[[ INPUT, beginning ]]
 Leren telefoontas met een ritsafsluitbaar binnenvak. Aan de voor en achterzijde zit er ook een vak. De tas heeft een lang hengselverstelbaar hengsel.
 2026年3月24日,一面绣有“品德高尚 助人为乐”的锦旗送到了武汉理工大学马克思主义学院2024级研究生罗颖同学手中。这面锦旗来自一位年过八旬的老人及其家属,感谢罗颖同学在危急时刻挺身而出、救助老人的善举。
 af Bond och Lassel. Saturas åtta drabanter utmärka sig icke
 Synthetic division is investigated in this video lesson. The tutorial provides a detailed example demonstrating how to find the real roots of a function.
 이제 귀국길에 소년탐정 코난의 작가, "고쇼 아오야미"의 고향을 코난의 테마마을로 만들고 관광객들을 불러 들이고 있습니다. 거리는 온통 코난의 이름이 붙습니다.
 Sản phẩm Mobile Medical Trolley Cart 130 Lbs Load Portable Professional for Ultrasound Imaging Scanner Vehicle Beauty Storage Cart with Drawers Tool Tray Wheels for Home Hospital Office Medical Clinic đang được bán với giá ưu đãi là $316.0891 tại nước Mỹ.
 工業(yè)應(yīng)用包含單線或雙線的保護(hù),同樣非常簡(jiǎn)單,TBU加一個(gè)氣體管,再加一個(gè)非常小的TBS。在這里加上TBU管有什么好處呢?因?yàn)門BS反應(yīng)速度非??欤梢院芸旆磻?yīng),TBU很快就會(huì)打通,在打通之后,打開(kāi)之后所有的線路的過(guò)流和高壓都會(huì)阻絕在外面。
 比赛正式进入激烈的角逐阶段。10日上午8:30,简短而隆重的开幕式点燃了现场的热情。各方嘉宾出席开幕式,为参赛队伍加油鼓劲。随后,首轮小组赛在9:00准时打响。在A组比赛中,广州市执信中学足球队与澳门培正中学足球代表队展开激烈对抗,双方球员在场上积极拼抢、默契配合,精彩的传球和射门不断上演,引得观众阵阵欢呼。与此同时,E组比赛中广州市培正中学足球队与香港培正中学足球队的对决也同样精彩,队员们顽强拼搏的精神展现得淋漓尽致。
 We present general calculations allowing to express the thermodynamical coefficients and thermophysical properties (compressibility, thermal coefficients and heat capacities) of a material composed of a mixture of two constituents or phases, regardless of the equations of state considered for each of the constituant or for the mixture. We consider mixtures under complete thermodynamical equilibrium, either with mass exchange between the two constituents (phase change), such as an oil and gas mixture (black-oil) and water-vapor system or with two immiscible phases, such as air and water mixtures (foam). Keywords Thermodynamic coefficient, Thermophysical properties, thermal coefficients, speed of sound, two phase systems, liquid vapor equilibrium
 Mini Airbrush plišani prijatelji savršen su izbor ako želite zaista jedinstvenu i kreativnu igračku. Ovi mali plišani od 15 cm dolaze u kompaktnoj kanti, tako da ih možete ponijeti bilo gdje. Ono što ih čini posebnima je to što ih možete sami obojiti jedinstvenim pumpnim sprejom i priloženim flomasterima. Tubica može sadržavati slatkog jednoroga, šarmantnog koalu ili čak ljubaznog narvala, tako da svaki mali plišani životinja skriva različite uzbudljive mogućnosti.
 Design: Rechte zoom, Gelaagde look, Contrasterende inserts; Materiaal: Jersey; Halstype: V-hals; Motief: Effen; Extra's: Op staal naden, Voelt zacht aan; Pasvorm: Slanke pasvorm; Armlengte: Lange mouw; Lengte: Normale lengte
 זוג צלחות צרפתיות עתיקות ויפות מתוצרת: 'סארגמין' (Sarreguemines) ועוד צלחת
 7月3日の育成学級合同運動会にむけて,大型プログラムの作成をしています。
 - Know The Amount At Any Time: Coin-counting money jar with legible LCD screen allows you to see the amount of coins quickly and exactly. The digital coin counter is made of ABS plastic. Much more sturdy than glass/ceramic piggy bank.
[[ INPUT, end ]]
▶ DIRECTIONS: Return, from the data, each line where the string "with" occurs.

▶ OUTPUT:
 Sản phẩm Mobile Medical Trolley Cart 130 Lbs Load Portable Professional for Ultrasound Imaging Scanner Vehicle Beauty Storage Cart with Drawers Tool Tray Wheels for Home Hospital Office Medical Clinic đang được bán với giá ưu đãi là $316.0891 tại nước Mỹ.
 We present general calculations allowing to express the thermodynamical coefficients and thermophysical properties (compressibility, thermal coefficients and heat capacities) of a material composed of a mixture of two constituents or phases, regardless of the equations of state considered for each of the constituant or for the mixture. We consider mixtures under complete thermodynamical equilibrium, either with mass exchange between the two constituents (phase change), such as an oil and gas mixture (black-oil) and water-vapor system or with two immiscible phases, such as air and water mixtures (foam). Keywords Thermodynamic coefficient, Thermophysical properties, thermal coefficients, speed of sound, two phase systems, liquid vapor equilibrium
 - Know The Amount At Any Time: Coin-counting money jar with legible LCD screen allows you to see the amount of coins quickly and exactly. The digital coin counter is made of ABS plastic. Much more sturdy than glass/ceramic piggy bank.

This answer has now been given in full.